Emsal Mahkeme Kararı Kayseri Bölge Adliye Mahkemesi 3. Hukuk Dairesi 2023/319 E. 2023/2296 K. 28.12.2023 T.

Görüntülediğiniz mahkeme kararı henüz kesinleşmemiştir. Yararlı olması amacıyla eklenmiştir.

T.C.
KAYSERİ
BÖLGE ADLİYE MAHKEMESİ
3. HUKUK DAİRESİ
DOSYA NO: 2023/319
KARAR NO: 2023/2296
T Ü R K M İ L L E T İ A D I N A
B Ö L G E A D L İ Y E M A H K E M E S İ K A R A R I
İNCELENEN KARARIN
MAHKEMESİ: KAYSERİ 1. ASLİYE TİCARET MAHKEMESİ
TARİHİ: 30/11/2022
NUMARASI: 2022/63 Esas, 2022/951 Karar
DAVANIN KONUSU: Ölüm Ve Cismani Zarar Sebebiyle Açılan Tazminat
DAVA TARİHİ: 24.01.2022
İSTİNAF KARARININ
VERİLDİĞİ TARİH: 28.12.2023
YAZILDIĞI TARİH: 28.12.2023
Kayseri 1. Asliye Ticaret Mahkemesinin 2022/63 Esas, 2022/951 Karar sayılı ilamı davacılar … ile … vekili ve davalı …vekili tarafından istinaf incelemesi için Dairemize gönderilmekle inceleme aşamasında dosyadaki tüm bilgi ve belgeler incelendi.

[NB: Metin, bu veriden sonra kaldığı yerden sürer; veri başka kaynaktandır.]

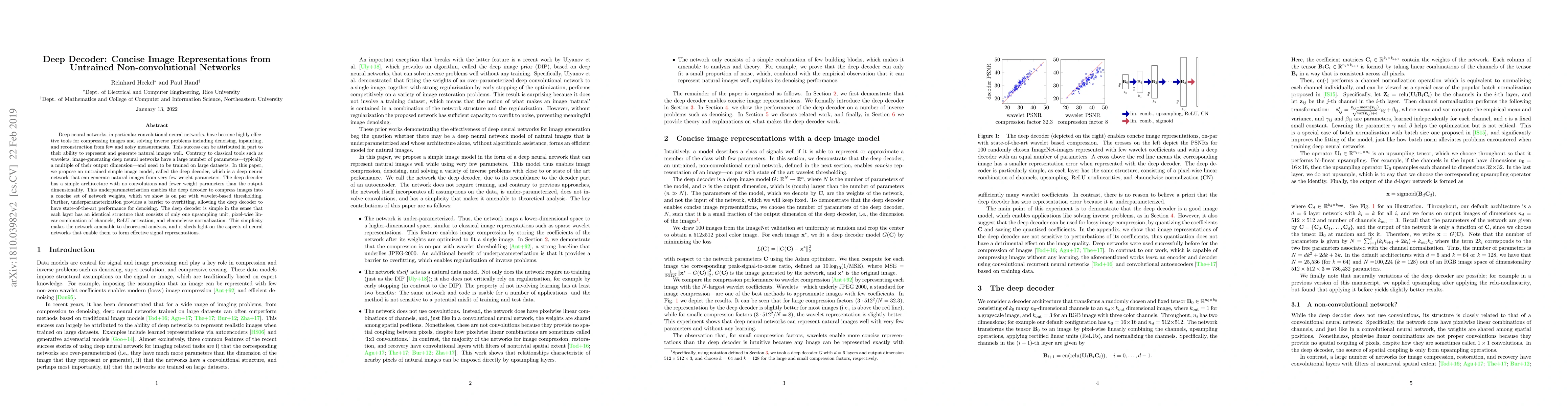 This paper introduces the deep decoder, a simple, untrained neural network model with no convolutions, which generates natural images using fewer parameters than the output dimension. The underparameterized architecture enables effective image compression and state-of-the-art performance in denoising, comparable to wavelet-based methods.
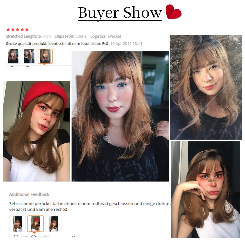 Product Name: Element 16 Cal syntetyczna peruka z grzywką naturalny nagłówek Ombre brązowy kolor moda na imprezę cosplay wymiana peruki dla kobiet
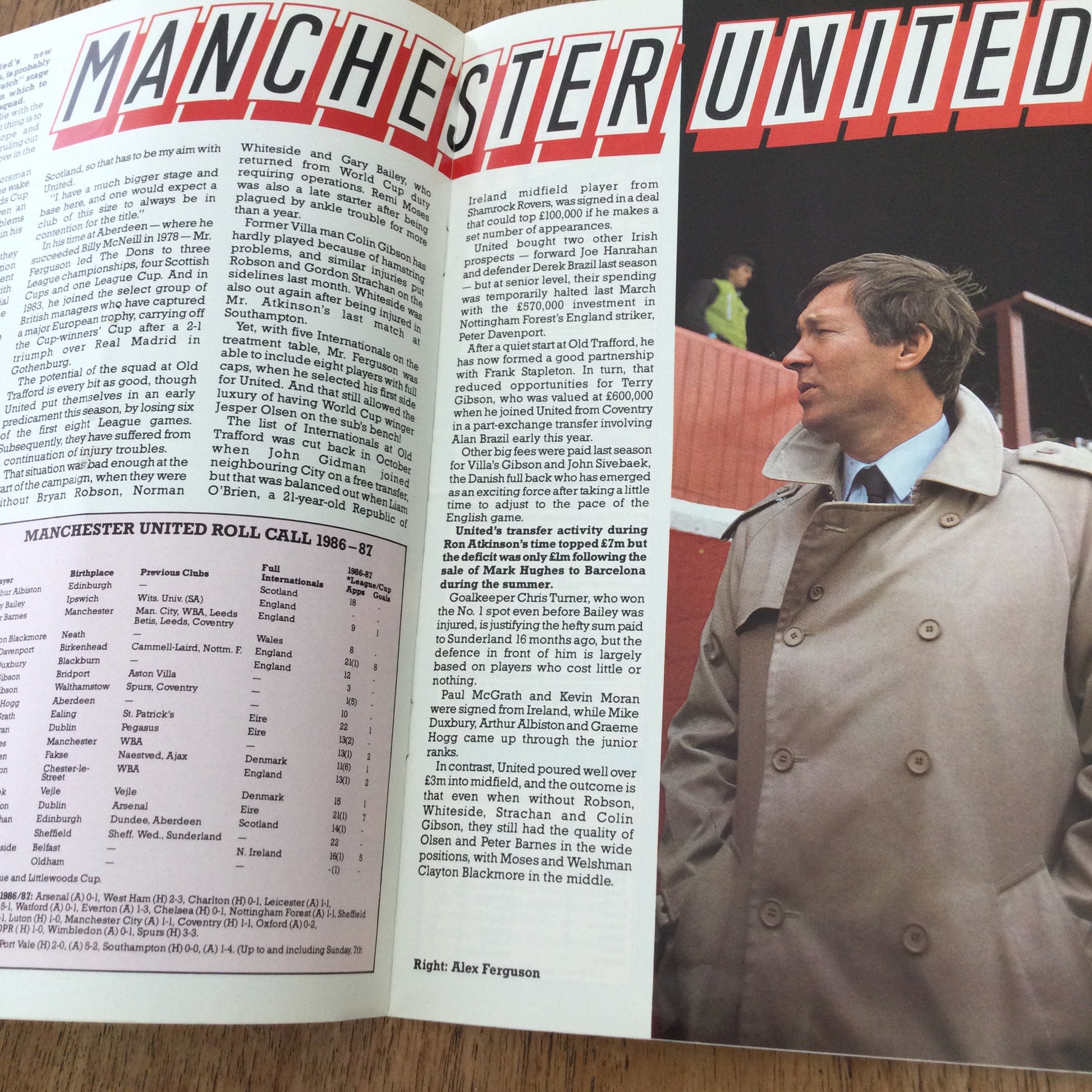 Aston Villa v Manchester Utd Football Programme 1986 13/12/86. Dean Glover feature. Steve Hodge.

GEREĞİ DÜŞÜNÜLÜP GÖRÜŞÜLDÜ:
TARAFLARIN İDDİA VE SAVUNMALARININ ÖZETİ:
Davacılar vekili dava dilekçesinde özetle; 14.10.2011 tarihinde … ili, … mevkiinde …’un sevk ve idaresindeki … plaka sayılı otomobil ile …’nın sevk ve idaresindeki … plaka sayılı kamyonun çarpışmalarına bağlı trafik kazası sonucunda müvekkillerinin çocukları … ile birlikte 4 kişinin vefat ettiğini, davalı sigorta şirketinin sigortalısı … otomobil sürücüsü … bu kazada olay yeri tespit tutanağında ve Kayseri 1. Ağır Ceza Mahkemesinin 2011/393 Esas ve 2012/203 Karar sayılı dosyasında Adli Tıp Kurumu İhtisas Dairesinden alınan kusur raporunda asli kusurlu olduğunu, diğer araç sürücüsü …’nın ise herhangi bir kusurunun olmadığının tespit edildiğini, …’ın ölümüne sebep olan … plaka sayılı aracın sürücüsünün ve malikinin … olduğunu, …’ın ölen …’ın babası, …’ın ise ölen …’ın annesi olduğunu, …’ın vefatı nedeniyle müvekkillerinin çocuklarının desteğinden yoksun kaldığını, müvekkilleri… için şimdilik 15,866,00-TL ve … için şimdilik 18.885,00-TL olmak üzere toplam 34.751,00-TL destekten yoksun kalma tazminatı talepleri bulunduğunu, davalı şirketin Yahyalı Asliye Hukuk Mahkemesinin 2018/261 esas ve 2020/270 karar sayılı dosyası ile davanın açılış tarihi olan 15.11.2012 tarihinde temerrüde düşürüldüğünü, bu nedenle hükmedilecek tazminat miktarına davalının temerrüde düşürülme tarihi olan 15.11.2012 tarihinden itibaren yasal faize hükmedilmesi gerektiğini, Yahyalı Asliye Hukuk Mahkemesi’nin 2018/261 Esas sayılı dosyasında müvekkillerinin destekten yoksun kalma tazminatı … için 37.686,17-TL ve … için 43.116,02-TL olmak üzere toplam 80.802,19-TL olarak hesaplandığını ve bozma sonrası ıslah yapılamadığı için mahkemece … için 24.230,90-TL … için 21.819,86-TL tazminata hükmedildiğini, bu miktarların sigorta şirketi tarafından müvekkilerine ödendiğini, yargılama sırasında belirlenecek gerçek alacak miktarı üzerinden harcının yatırılmak ve belirlenen miktar üzerinden davaya devam edilmek üzere şimdilik müvekkili … için 15.866,00-TL, … için 18.885,00-TL olmak üzere toplam 34.751,00-TL destekten yoksun kalma tazminatın 15.11.2012 tarihinden itibaren işleyecek yasal faizi ile birlikte davalıdan tahsiline karar verilmesini dava ve talep etmiştir.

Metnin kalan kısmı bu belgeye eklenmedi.